··· The data ···

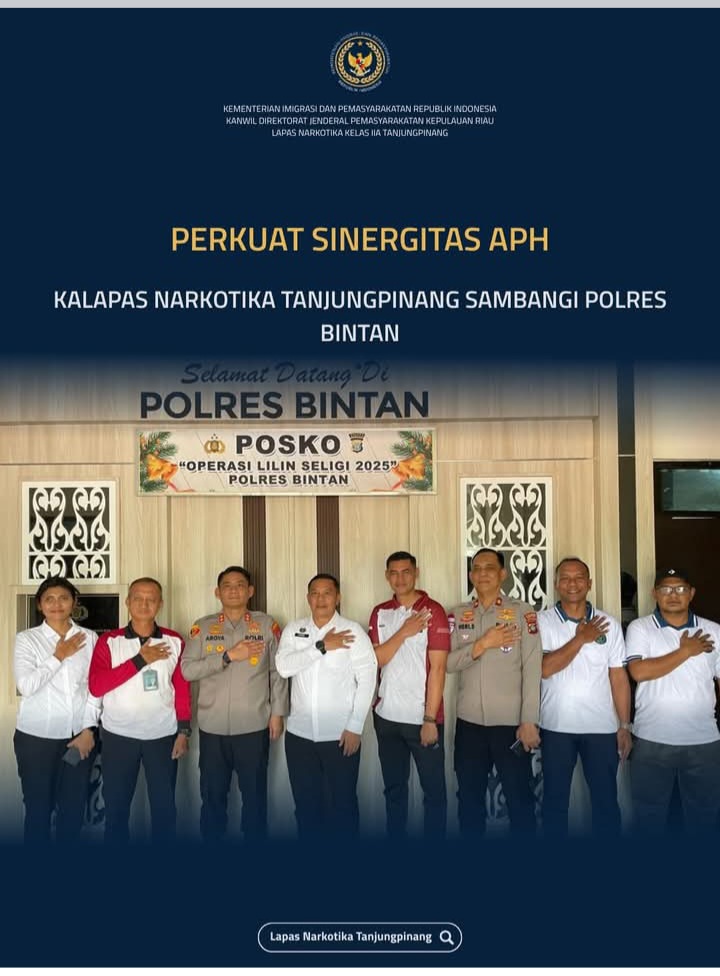 Kalapas Fauzi Harahap menyampaikan bahwa sinergi ini merupakan implementasi nyata dari program kerja pemasyarakatan dalam membangun hubungan harmonis dengan mitra penegak hukum. “Kesepahaman ini sangat penting untuk menjamin kondusivitas wilayah hukum Kabupaten Bintan, khususnya di lingkungan Lapas Narkotika Tanjungpinang,” tegasnya.
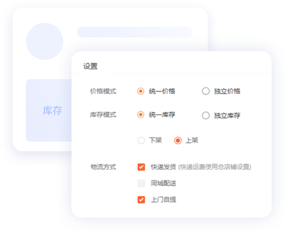 总店铺可选择是否对门店开启独立价格/库存的设置权限; 若开启,门店的运营者可设置商品的独立价格/库存;门店商品售卖模式和业务端的一致。
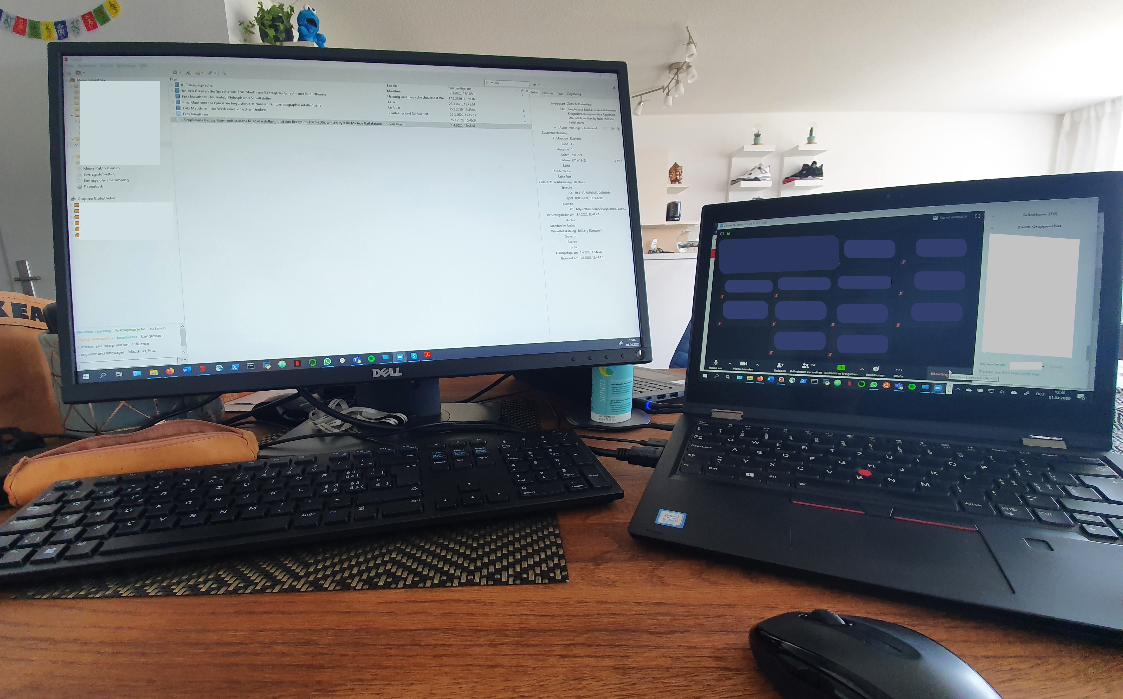 So wurde von der Universitätsbibliothek Bern die erste Online-Schulung des Literaturverwaltungsprogramms Zotero für Studierende der Universität Bern durchgeführt: Zuhause auf dem ehemals gemütlichen Wohnzimmertisch. Mit etwas spontan (über Nacht) angepasstem Schulungskonzept und -material war das eine sehr aufregende, ungewohnte, aber durchaus positive Erfahrung, direkt nach dem Lockdown.
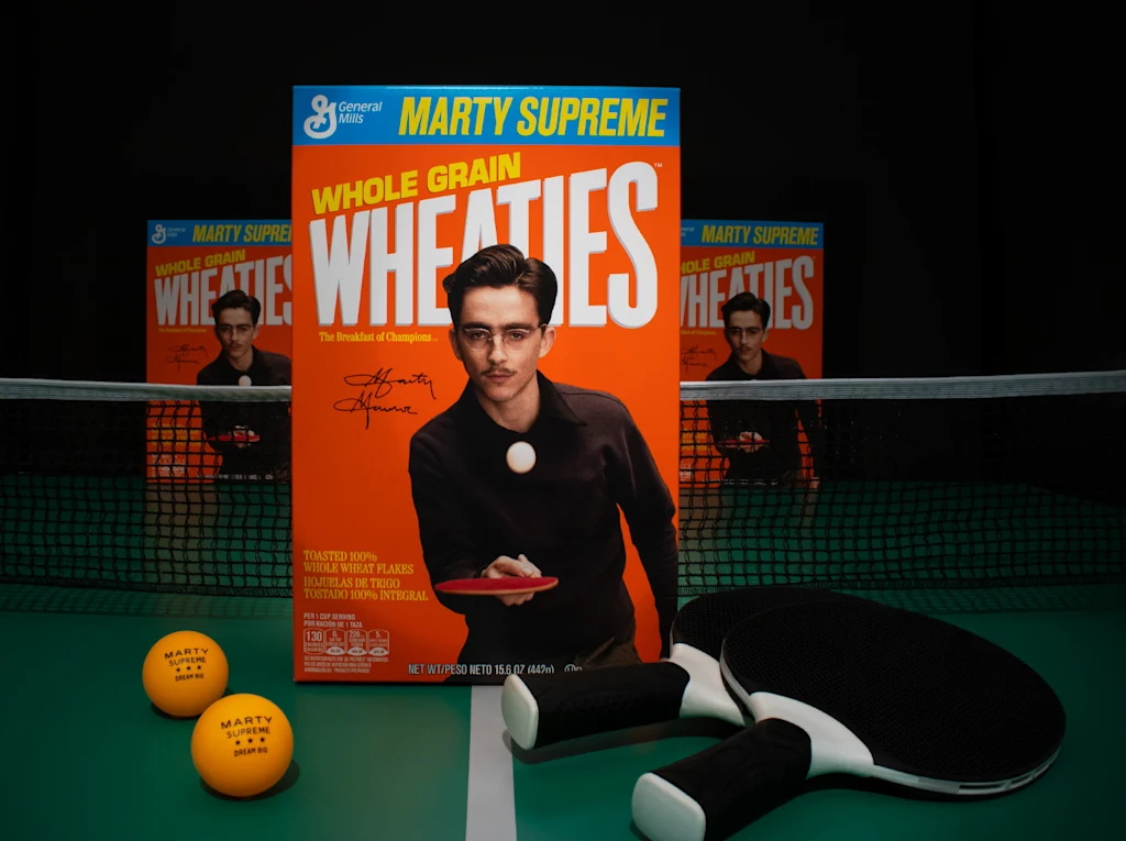 De voorkant van de Wheaties-box heeft gediend als een eregalerij voor enkele van de grootste atleten aller tijden, van honkbalster Lou Gehrig tot bokser Muhammid Ali, basketballegende Michael Jordan en zevenvoudig Olympisch gouden medaillewinnaar Simone Biles. Nu siert een nieuw gezicht het heilige oranje kader van de doos: Marty Mauser, de fictieve pingpongspeler gespeeld door Timothée Chalamet in de aankomende film van A24 Marty Supreme.
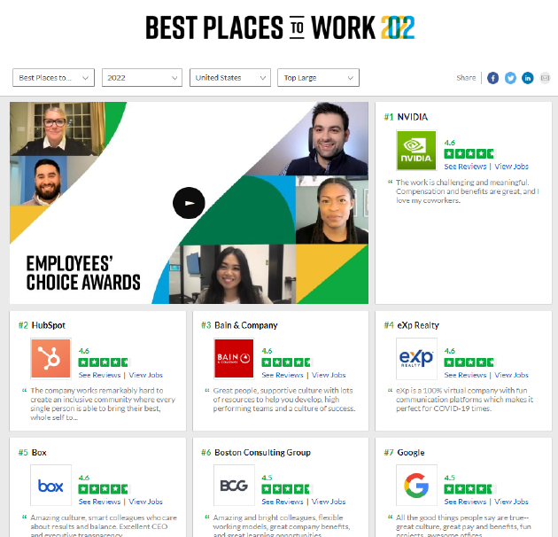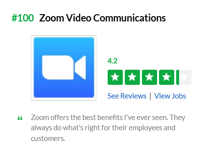 另一家排名显著下降的科技公司是视频会议软件巨头Zoom,去年排名第22位,但今年降至第100位,成为榜单上跌幅最大的公司。员工们赞赏该公司的福利、无限的带薪休假以及在增长时期对开发产品的热情,但也有一些人认为,在高业务需求和快节奏的工作环境下,Zoom企业文化发生了消极的转变。
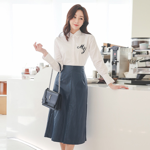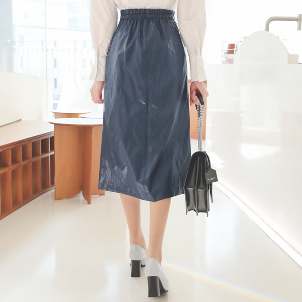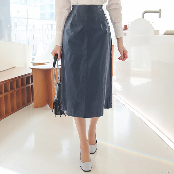 レザー 切開 Aライン 後面バンド ロングスカート
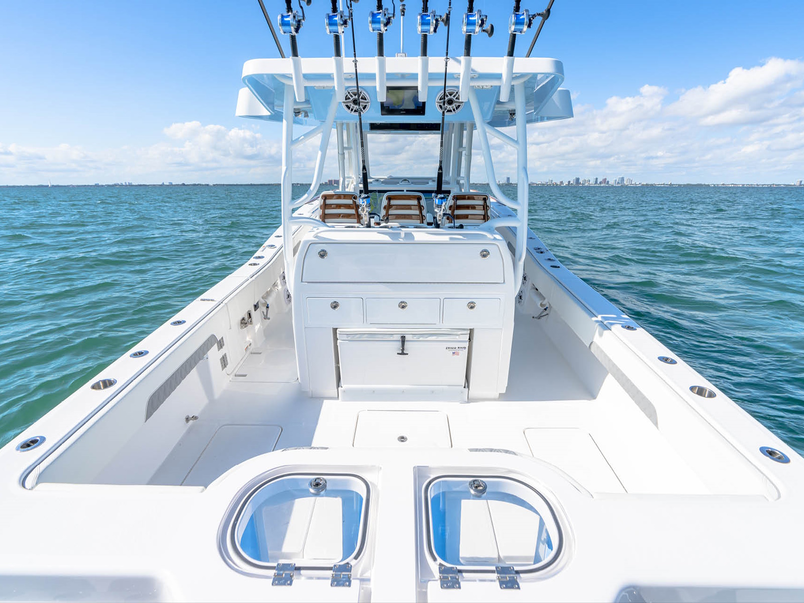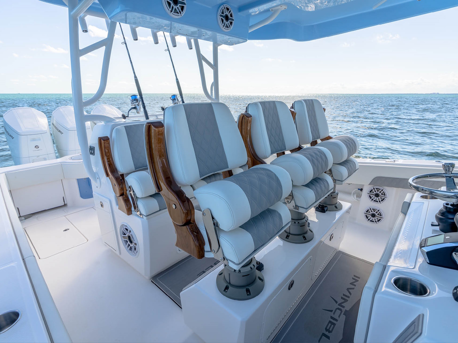 Born from a line of tournament winning predecessors, the 43’ Open Fisherman carries on the legacy of the Invincible Monohull. Using patented Michael Peters design, the 43’ Open Fisherman not only boasts power and agility, but also room for every situation. Bring your crew out comfortably, with dual-row seating, and never let capacity be the deciding factor again.
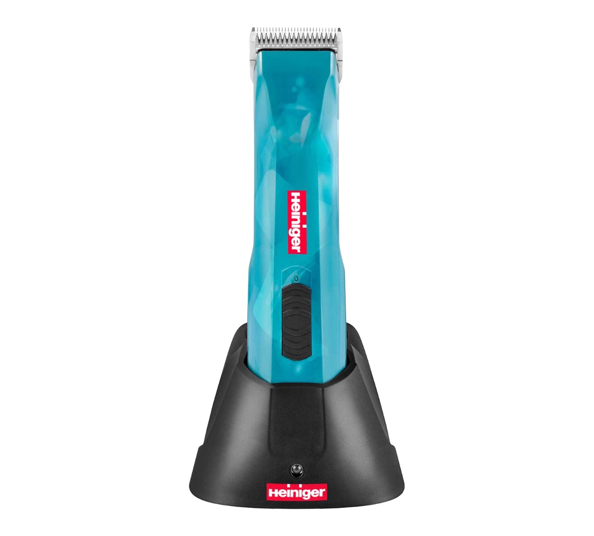 Leveres i plastikkuffert inkl. 1 batteri, bordlader, Heiniger skær 10 (1,5mm) red line, olie, rensebørste, Andis afstandskamsæt og brugsanvisning.
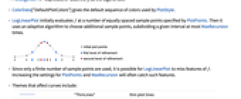 - LogLinearPlot initially evaluates f at a number of equally spaced sample points specified by PlotPoints. Then it uses an adaptive algorithm to choose additional sample points, subdividing a given interval at most MaxRecursion times.
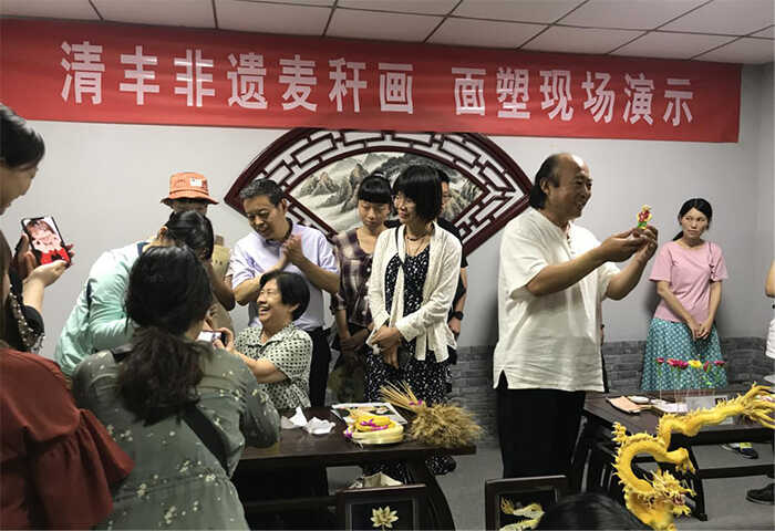 在非物质文化遗产展示馆,营员们饶有兴致地参观了张清丰孝道故事、义兴长小磨香油、五彩纸龙、麦秆龙等展品,讲解员从不同角度对每个展品的历史渊源、发展状态及保护传承进行了详细的介绍;在柳子戏展示馆,柳子戏传承人现唱哼唱了婉转动听的名曲,博得了一片掌声;此次活动还邀请了我县颇具传统特色的非遗项目聂氏麦秆画、陈氏面塑的传承人现场工艺品制作,营员们积极参与互动,虚心学习,制作了惟妙惟肖、栩栩如生的作品。
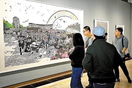 首屆“閃亮龍華”美術(shù)書法攝影展吸引眾多文學(xué)藝術(shù)愛好者前往參觀。

···

## [What to produce]
Would you return the records exactly, keeping out every picture?

## [Exercise solution]
 Kalapas Fauzi Harahap menyampaikan bahwa sinergi ini merupakan implementasi nyata dari program kerja pemasyarakatan dalam membangun hubungan harmonis dengan mitra penegak hukum. “Kesepahaman ini sangat penting untuk menjamin kondusivitas wilayah hukum Kabupaten Bintan, khususnya di lingkungan Lapas Narkotika Tanjungpinang,” tegasnya.
 总店铺可选择是否对门店开启独立价格/库存的设置权限; 若开启,门店的运营者可设置商品的独立价格/库存;门店商品售卖模式和业务端的一致。
 So wurde von der Universitätsbibliothek Bern die erste Online-Schulung des Literaturverwaltungsprogramms Zotero für Studierende der Universität Bern durchgeführt: Zuhause auf dem ehemals gemütlichen Wohnzimmertisch. Mit etwas spontan (über Nacht) angepasstem Schulungskonzept und -material war das eine sehr aufregende, ungewohnte, aber durchaus positive Erfahrung, direkt nach dem Lockdown.
 De voorkant van de Wheaties-box heeft gediend als een eregalerij voor enkele van de grootste atleten aller tijden, van honkbalster Lou Gehrig tot bokser Muhammid Ali, basketballegende Michael Jordan en zevenvoudig Olympisch gouden medaillewinnaar Simone Biles. Nu siert een nieuw gezicht het heilige oranje kader van de doos: Marty Mauser, de fictieve pingpongspeler gespeeld door Timothée Chalamet in de aankomende film van A24 Marty Supreme.
 另一家排名显著下降的科技公司是视频会议软件巨头Zoom,去年排名第22位,但今年降至第100位,成为榜单上跌幅最大的公司。员工们赞赏该公司的福利、无限的带薪休假以及在增长时期对开发产品的热情,但也有一些人认为,在高业务需求和快节奏的工作环境下,Zoom企业文化发生了消极的转变。
 レザー 切開 Aライン 後面バンド ロングスカート
 Born from a line of tournament winning predecessors, the 43’ Open Fisherman carries on the legacy of the Invincible Monohull. Using patented Michael Peters design, the 43’ Open Fisherman not only boasts power and agility, but also room for every situation. Bring your crew out comfortably, with dual-row seating, and never let capacity be the deciding factor again.
 Leveres i plastikkuffert inkl. 1 batteri, bordlader, Heiniger skær 10 (1,5mm) red line, olie, rensebørste, Andis afstandskamsæt og brugsanvisning.
 - LogLinearPlot initially evaluates f at a number of equally spaced sample points specified by PlotPoints. Then it uses an adaptive algorithm to choose additional sample points, subdividing a given interval at most MaxRecursion times.
 在非物质文化遗产展示馆,营员们饶有兴致地参观了张清丰孝道故事、义兴长小磨香油、五彩纸龙、麦秆龙等展品,讲解员从不同角度对每个展品的历史渊源、发展状态及保护传承进行了详细的介绍;在柳子戏展示馆,柳子戏传承人现唱哼唱了婉转动听的名曲,博得了一片掌声;此次活动还邀请了我县颇具传统特色的非遗项目聂氏麦秆画、陈氏面塑的传承人现场工艺品制作,营员们积极参与互动,虚心学习,制作了惟妙惟肖、栩栩如生的作品。
 首屆“閃亮龍華”美術(shù)書法攝影展吸引眾多文學(xué)藝術(shù)愛好者前往參觀。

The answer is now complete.